The court is "required to view the facts and draw reasonable inferences in the light most favorable to the [nonmoving] party." Scott v. Harris , 550 U.S. 372, 378, 127 S.Ct. 1769, 167 L.Ed.2d 686 (2007) (internal quotation marks and citation omitted). The court may not weigh evidence or make credibility determinations in analyzing a motion for summary judgment because those are "jury functions, not those of a judge." Anderson , 477 U.S. at 255, 106 S.Ct. 2505. However, the nonmoving party "must do more than simply show that there is some metaphysical doubt as to the material facts .... Where the record taken as a whole could not lead a rational trier of fact to find for the nonmoving party, there is no genuine issue for trial." Scott , 550 U.S. at 380, 127 S.Ct. 1769 (internal quotation marks omitted) (quoting Matsushita Elec. Indus. Co. v. Zenith Radio Corp. , 475 U.S. 574, 586-87, 106 S.Ct. 1348, 89 L.Ed.2d 538 (1986) ).

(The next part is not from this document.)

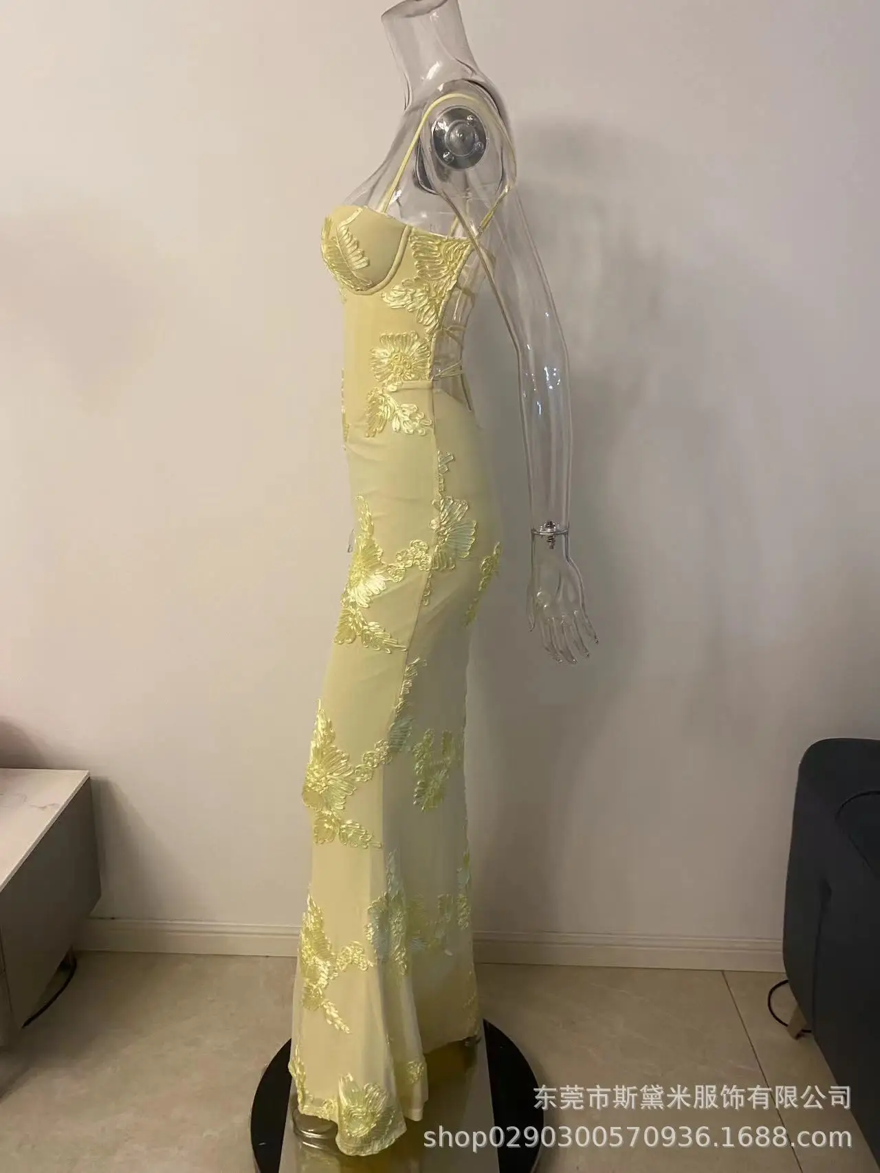 High Quality 2025 Summer Fashion New Arrival Best-selling Yellow Casual Dress Slim Elegant Long Dress

B. Defendants’ Summary Judgment Motion
1. Mr. Espinoza's USERRA Discrimination and Retaliation Claims
"USERRA forbids employment discrimination on the basis of membership in the armed forces." Townsend v. Univ. of Alaska , 543 F.3d 478, 482 (9th Cir. 2008) (citing 38 U.S.C. §§ 4301(a)(3), 4311(a) ). USERRA recognizes claims for discrimination and retaliation. See Huhmann v. Fed. Express Corp. , 874 F.3d 1102, 1105 (9th Cir. 2017) (outlining standard for USERRA discrimination claims); Wallace v. City of San Diego , 479 F.3d 616, 624-25 n.1 (9th Cir. 2007) (outlining standard for USERRA retaliation claims). The first step in a USERRA discrimination or retaliation claim requires courts to determine whether the employee suffered an adverse employment action. See Posin v. Cty. of Orange , No. SACV150120AGJCGX, 2016 WL 5858706, at *3 (C.D. Cal. Jan. 18, 2016). If the employee suffered an adverse employment action, then a claim of discrimination under USERRA proceeds under a burden-shifting approach where the employee "first has the burden of showing, by a preponderance of the evidence, that his or her protected status was a substantial or motivating factor in the adverse employment action; the employer may then avoid liability only by showing, as an affirmative defense, that the employer would have taken the same action without regard to the employee's protected status." Huhmann , 874 F.3d at 1105 (quoting Wallace , 479 F.3d at 624 ). Although a retaliation claim requires an additional threshold showing that the employee exercised his or her USERRA rights, see Wallace , 479 F.3d at 624, the burden-shifting framework for discrimination and retaliation claims under USERRA is identical, compare Wallace , 479 F.3d at 624 with Huhmann , 874 F.3d at 1105. a. Adverse Employment Action
Although Mr. Espinoza's complaint and declaration in this action include a laundry list of Defendants’ alleged bad acts and anti-military animus (see generally Am. Compl.; Espinoza Decl.), his response to Defendants’ summary judgment motion unequivocally states that his discrimination and retaliation claims are based on SPD's delay in transferring him to the Motorcycle Unit. (See MSJ Resp. at 16 ("Mr. Espinoza's USERRA and WLAD discrimination and retaliation claims are founded on Defendants’ failure to promote him to the motorcycle squad." ).) Thus, the court first addresses whether SPD's delay in transferring Mr. Espinoza to the Motorcycle Unit constitutes an adverse employment action under USERRA.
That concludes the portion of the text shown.